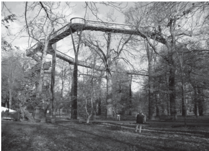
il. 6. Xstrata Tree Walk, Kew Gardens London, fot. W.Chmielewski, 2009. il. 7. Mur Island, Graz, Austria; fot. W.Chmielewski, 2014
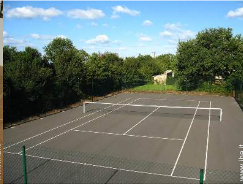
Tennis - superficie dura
══════════════════════════════
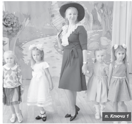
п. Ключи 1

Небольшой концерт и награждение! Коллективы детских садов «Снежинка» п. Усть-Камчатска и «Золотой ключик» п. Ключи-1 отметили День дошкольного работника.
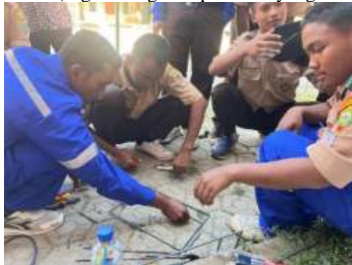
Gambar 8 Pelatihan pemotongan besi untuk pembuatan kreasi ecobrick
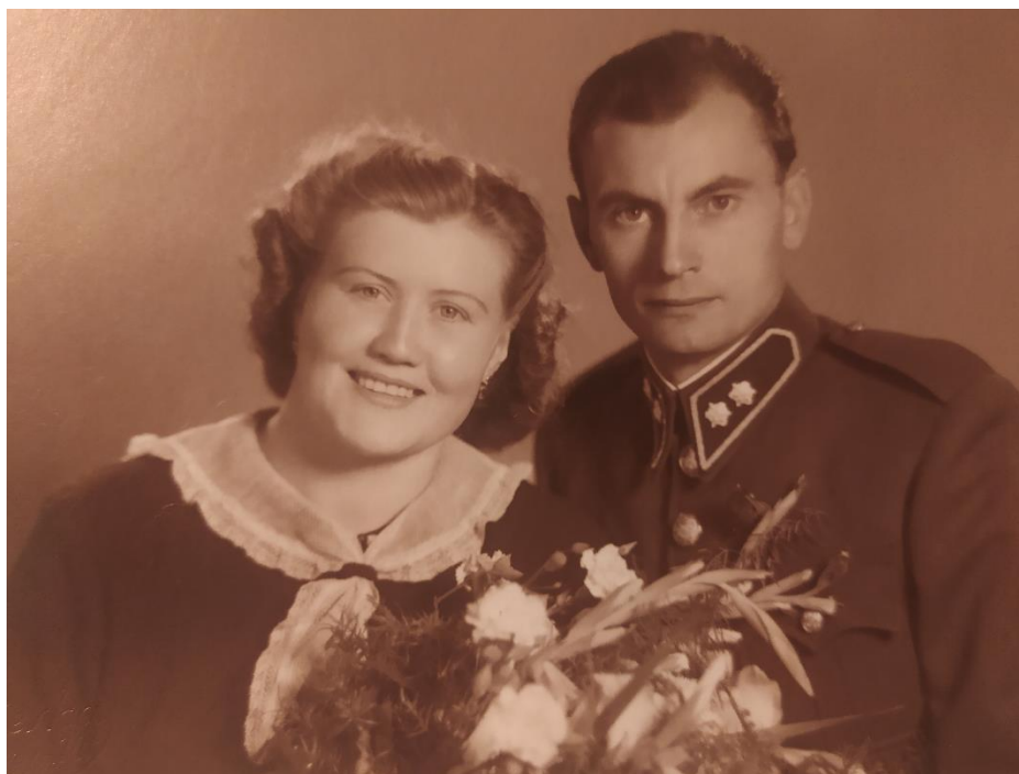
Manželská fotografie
══════════════════════════════
(Description of the task) If a line in the material holds "Ключи", copy it.

(Exercise output)
п. Ключи 1
Небольшой концерт и награждение! Коллективы детских садов «Снежинка» п. Усть-Камчатска и «Золотой ключик» п. Ключи-1 отметили День дошкольного работника.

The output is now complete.